L’Associazione cura anche una trasmissione radiofonica dal titolo: “Radio Tricolore”. Ma tutti gli occhi e i cuori sono tesi ad ascoltare la “voce del Nord” dove si combatte, si soffre e si liberano le piccole e grandi città o i paesi, precedendo, spesso, le truppe alleate. Ed è con una immensa emozione che si ascoltano le radio, si leggono con ansia i giornali, nelle ore dell’insurrezione del 25 aprile. Il “vento del Nord” ha ormai spazzato via l’occupazione nazista, il fascismo, la prepotenza e l’ingiustizia. Il sole è tornato di nuovo a brillare per tutti: su un Paese distrutto e sofferente, sui luoghi delle stragi orrende, sulle montagne e nei piccoli centri dove i contadini hanno pagato prezzi altissimi per aiutare i partigiani. È un sole che illumina di nuovo anche le grandi città; dove, fino all’ultimo, partigiani e antifascisti sono stati impiccati, torturati e fucilati.
Il Comitato provvisorio dell’ANPI, nel giorno dell’insurrezione nazionale, indirizza un commosso messaggio ai combattenti del Nord. Eccolo: «L’ANPI man mano che si susseguono le gloriose notizie di lotte e di vittorie conseguite dai Partigiani e dal Popolo tutto dell’Italia del Nord le apprende ammirata.
Manifesta l’orgoglio che vi è in ogni cuore per tali gesta che pongono l’Italia tra le Nazioni che hanno saputo ritrovare per vitalità dei propri figli il diritto alla libertà.
È convinta che, simultaneamente alla cacciata dell’oppressore nazista, si debba procedere con giustizia, che non trovi né indugi né soste, contro i traditori fascisti.

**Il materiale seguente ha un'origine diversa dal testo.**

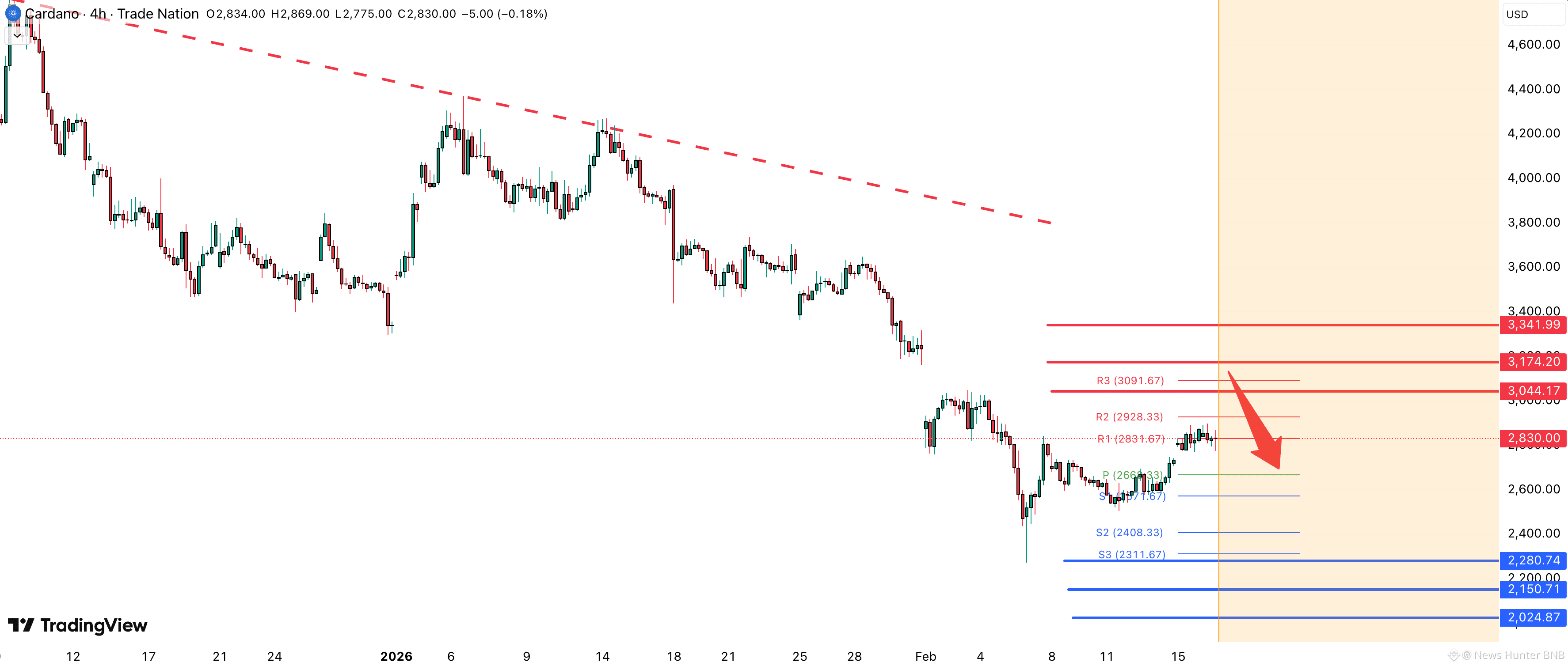 $ADA USD pozostaje pod presją negatywną, z poziomem 3044 działającym jako kluczowy punkt zwrotny. Dopóki cena pozostaje poniżej tego poziomu, nastawienie skłania się ku dalszym spadkom. Traderzy powinni obserwować potwierdzenie ceny wokół tego poziomu, aby ocenić następny ruch.

In tale spirito plaude alle vittoriose azioni ed esprime la più alta solidarietà».
Dunque (…) l’ANPI non si è mai stancata di spiegare, raccontare, testimoniare e battersi in difesa della democrazia, della Costituzione e della Repubblica.
Anche in nome di migliaia di amici, compagni, fratelli, morti per tutti noi. Nessuno può permettersi di dimenticarlo.